Olson confirma les pires craintes du terrien.

– On a des dizaines de blocs de métal qui pèsent jusqu’à plusieurs dizaines de milliers de tonnes. On a décidé de les envoyer sur les centres de production de vaisseaux. Depuis l’espace.
– Vous allez provoquer une catastrophe planétaire.
– Nous le savons. C’est pourquoi nous ne vous associons pas à cette décision. Une fois ceci terminé, nous tous qui avons pris cette décision avons décidé de restituer toutes nos responsabilités auprès de nos gouvernements. Et d’essayer de vivre avec ce souvenir.
– Et s’ils se rendaient ?
– Ils refusent catégoriquement. Les dirigeants corpos pensent que nous bluffons. L’ONU est injoignable. Les corpos ont posé un blackout complet, et il reste suffisamment de missiles et de chasseurs atmosphériques pour nous dissuader d’entrer dans l’atmosphère.
– S’il est possible de tenter quoi que ce soit …
– On a tout essayé. Ils comptent sans doute sur une cinquantaine de vaisseaux supplémentaires dans quelques jours et tentent de gagner du temps avant de nous écraser et de se retourner contre nos mondes. Nous n’attendons qu’une dizaine de vaisseaux supplémentaires rafistolés à la hâte dans les prochains jours, et un vaisseau neuf qui doit se terminer sur Breizh. Ils ne nous laissent pas d’autre alternative. Nous frappons maintenant, ou nous perdons tout.
– Je n’envie pas votre place, pour avoir pris cette décision.
– J’aurais aussi préféré être ailleurs.
– Vous ne semblez pas bouger rapidement.
– Le Nation Stellaire est à l’arrêt, nous réparons un impact. Wells, il me reste une chose à vous demander.
– Laquelle ?
– Nous allons bombarder et commencer le blocus.  Vous avez toujours une capacité hyperspatiale et un pilote, je vous demande de rapatrier des blessés, et de porter le message. Je vous ai envoyé une liste provisoire de nos victimes. Commencez par Breizh, vous pourrez vous y faire soigner.

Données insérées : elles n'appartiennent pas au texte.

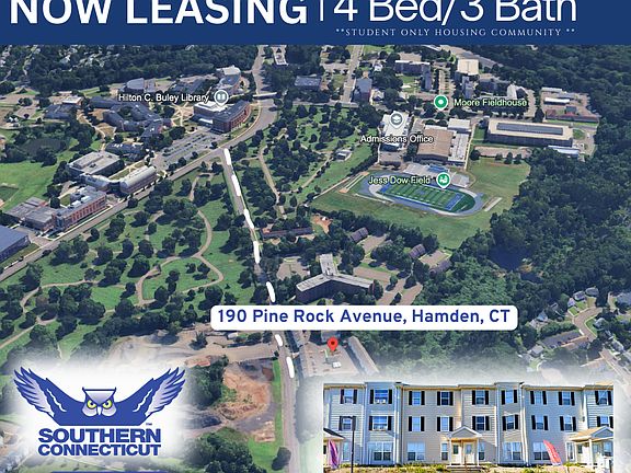 4BR Townhouse with Garage, Plenty Natural Light & Minutes from SCSU - Available NOW, June & August! Pine Rock Townhomes is a Student Only Housing community of 4-bedroom, 3-bathroom townhouses conveniently located minutes from the SCSU campus. This community offers great amenities including in-unit washer and dryer, ample parking including a spacious garage for storage, a short walk to campus and a gated community for added security. The newest off campus housing offering for the SCSU community and nearby colleges, Pine Rock Townhomes is the premier residence for under grad and grad students alike. 4-Beds 3-Baths Living Room Kitchen Private Garage Unit Features: - In-unit laundry - Spacious living area with tons of natural light - Well-equipped kitchen with ample cabinetry - Private garage (no parking, parking lot available) Neighborhood Features: - Minutes from SCSU - Close to public transportation - Nearby restaurants, shops and parks Per Town of Hamden Zoning Laws, this property is designated for student housing. Only applicants who are currently enrolled at an accredited educational institution or recently graduated will be considered. Valid proof of enrollment must be submitted with your application! Good Credit required Application fee is $50 per person Owner Pays Cold Water & Sewer Tennant Pays: Electricity and Wifi
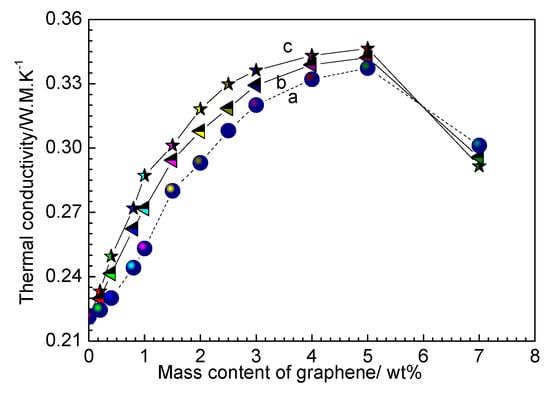 In order to reveal the effect of RGO on thermal conductivity of the composite film, we measured the thermal conductivity of the composite films with different mass contents of RGO and different initial TPU concentrations, as shown in Figure 6. The thermal conductivity of the pure TPU is about 0.2213 W·m−1·K−1 and the thermal conductivity of the composite film first increases and then decreases with the growth of the mass content of RGO in composite film. When the mass content of RGO reaches 5 wt%, the thermal conductivity of composite film fabricated with the initial TPU concentration of 30 wt% reaches a maximum of 0.3464 W·m−1·K−1, which increases by 56% when compared with that of pure TPU. When the mass content of RGO is less than 5 wt%, the thermal conductivity of the composite film with the same RGO mass content increases with the initial TPU concentration. However, when the RGO mass content is 7 wt%, the thermal conductivity of the composite film fabricated d with the initial TPU concentration of 30 wt% is the smallest. Many interfaces are produced when RGO sheets are added into TPU due to a very high specific surface area of RGO sheets [36]. These interfaces result in phonon scattering and introduce interfacial thermal resistance. RGO is a highly thermal conductive channel in the composite film. When the mass content of RGO is below the percolation threshold, RGO cannot connect together to form a thermal conduction pathway. In this case, the interfacial thermal resistance of RGO and TPU is the main factor determining the thermal conductivity of the composite film. While the mass content of RGO is above the percolation threshold, the heat in the composite film mainly transfers through the thermal conduction pathways due to the high thermal conductivity of RGO, and the thermal conductivity of the composite film increases significantly. However, when the mass content of RGO is too high, RGO sheets tend to form a large number of aggregates, which makes it impossible to form effective thermal channels, so that the thermal conductivity decreases [21,37,38,39].

Un bip retentit sur la transmission.

– Je suis demandé ailleurs. Bonne chance, Wells. Olson, over.
– Bonne chance à vous, répondit Jake avant de couper la communication.
– J’ai la liste des cibles du bombardement, enchaîna Guillermo. Tokyo, Beijing, Canberra, Seoul, Capetown, Düsseldorf, Paris, Londres, Cap Canaveral, Chicago, Rio de Janeiro, Los Angeles, Mexico, pour les plus importantes, et à peu près dans l’ordre de rotation de la Terre, avec les sièges des mégacorps et leurs principales usines. Une vingtaine de points secondaires.
– Epargne-moi cette liste.  Je préfère ne pas voir ce qui va se passer.
– Moi non plus, chef. Les chutes de météores d’une telle masse sont susceptibles de dévaster un continent. Il va y avoir des millions de mort sur l’impact. Et après … sans doute des milliards. Autrefois j’avais pensé que celui qui avait fait quelque-chose de spécial, qui avait influencé des milliers de vies, il se sentirait spécial aussi. En réalité, ce n’est pas vrai. Je ne me sens pas bien du tout.

[1] Station spatiale située sur le Lagrangien L2, point d’équilibre entre la Terre et Sol, à 1,5 millions de kilomètres (5 secondes-lumière).